I think what you are observing is not a memory leak. Instead, it is a consequence of a new table caching strategy introduced in KNIME Analytics Platform 4.0.0. This strategy attempts to keep the k least recently used tables in memory until some critical heap space allocation threshold is reached. By default, k is 32 and the critical memory threshold is 90% of the heap space available to KNIME minus 128 MB. Note that tables held in memory that way are asynchronously written to disk in the background such that the memory they block can be released when said threshold is reached.
What I think happens when you run out of memory is the following:
- The workflow runs smoothly for some time, tables are created and cached in memory. Memory consumption rises and tables are asynchronously written to disk in the background.
- Some memory-intensive node (Deeplearning4j learner maybe?) attempts to allocate some large amount of memory, which, generally, KNIME nodes shouldn’t / won’t do without providing some kind of fallback on memory low conditions. If this happens at some point in time where cached tables cannot be released from memory, for instance due to the asynchronous background writers lagging behind, you can, sadly, run into an OutOfMemoryError.
To resolve the issue, you can switch to a less memory-consuming table caching strategy by putting the line -Dknime.table.cache=SMALL into your knime.ini. This way, only very small tables will be held in memory. It will make your average KNIME workflow slower, but it’ll be less memory-consuming.

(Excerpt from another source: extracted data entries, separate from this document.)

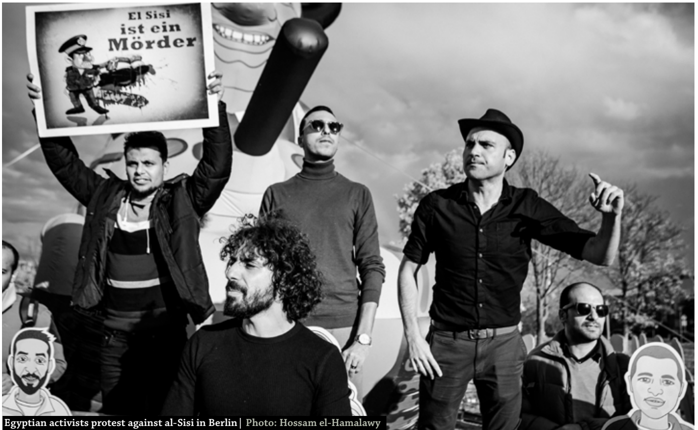
Egyptian activists protest against al-Sisi in Berlin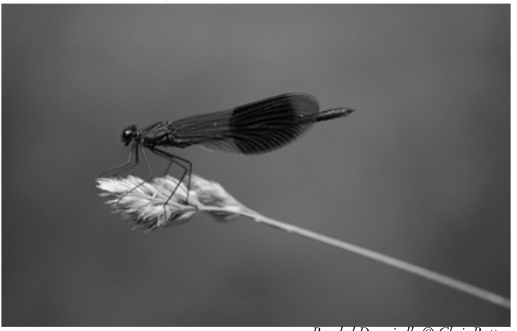
Banded Demoiselle

The name for these species together is Odonata, and they are closely related. There are 46 species that either regularly breed in Britain or are common migrants from Europe, with a further ten occasional migrants. They come in a huge variety of colours and sizes and will visit all sorts of freshwater habitats.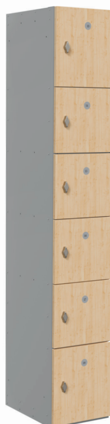
Six compartment Maple Doors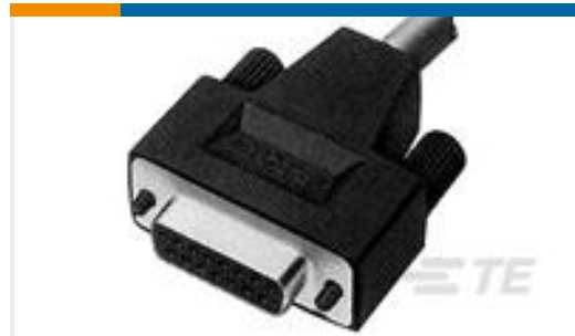
TE Part #1658658-1 KIT,HDP-20,ENCLSUR,RCPT,SIZE 3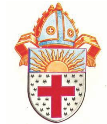
Diocese of Qu'Appelle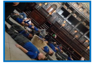
We lay down in the choir pit to look at the beautiful mosaics that were designed by Sir Christopher Wren. He was the architect that redesigned London after the great fire.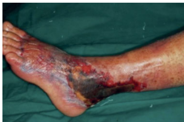
a Necrotizing fasciitis of left foot

Patients with NF usually present with the triad of pain, swelling and erythema 5,7,9,11–13 . It is often misdiagnosed as cellulitis or abscess. The most consistent feature of early NF is that the pain is out of proportion to the swelling or erythema 7,9–11 . Four other features are diagnostic clues to differentiate NF from simple soft tissue infection: the tenderness extends beyond the apparent involved area owing to enzymes and toxins spreading along the fascia below the skin; margins of involvement are indistinct; lymphangitis is rarely seen in NF because the infection is in the deep fascia and not in the skin 19 ; and NF is rapidly progressive despite the use of antibiotics 19 . Regular review of the patient's condition with a visual pain score and marking of the extent of infection on the skin can be helpful in equivocal cases.

In an attempt to verify my assumption, I’ve run the workflow you kindly provided. Here’s what I observed:
- After starting up KNIME Analytics Platform 4.0.2 and opening the workflow, I ran a full-sweep garbage collection, upon which 122 MB heap space are blocked.
- I ran the workflow. It executed until the Word2Vec Learner Node, which crashed with these two not-so-helpful error messages:
Execute failed: java.lang.ExceptionInInitializerError
Execute failed: The Deeplearning4J Library could not be initialized. Maybe there is not enough memory available for DL4J. Please consider increasing the ‘Off Heap Memory Limit’ in the DL4J Prefernce Page.
Unfortunately, the error messages persisted and did not get more verbose even after increasing the off-heap memory and checking the option to “Enable verbose logging”.
- Anyways, at this point I’m pretty deep into the workflow and 7.4 GB of my heap space are occupied. I ran another full-sweep garbage collection, upon which 6.8 GB heap space are still blocked. This is due to the least-recently-used tables being cached in memory and only released upon memory alert, even though they have probably been written to disk in the background already. Obviously, if I save the workflow at this point and re-open KNIME Analytics Platform, I start out fresh with 122 MB heap space consumption.
- However, instead of restarting KNIME Analytics Platform, I added 32 Data Generator nodes that generate 5400 rows of data each. I executed and then reset these nodes to flush KNIME’s table cache. I then did another full-sweep garbage collection and, voila, heap space is at 122 MB again, even though the relevant parts of the workflow is still executed up until the Word2Vec Learner Node.
I hope this helps to understand what’s happening. I’ll update this post if anything changes with regard to table caching strategies in KNIME Analytics Platform.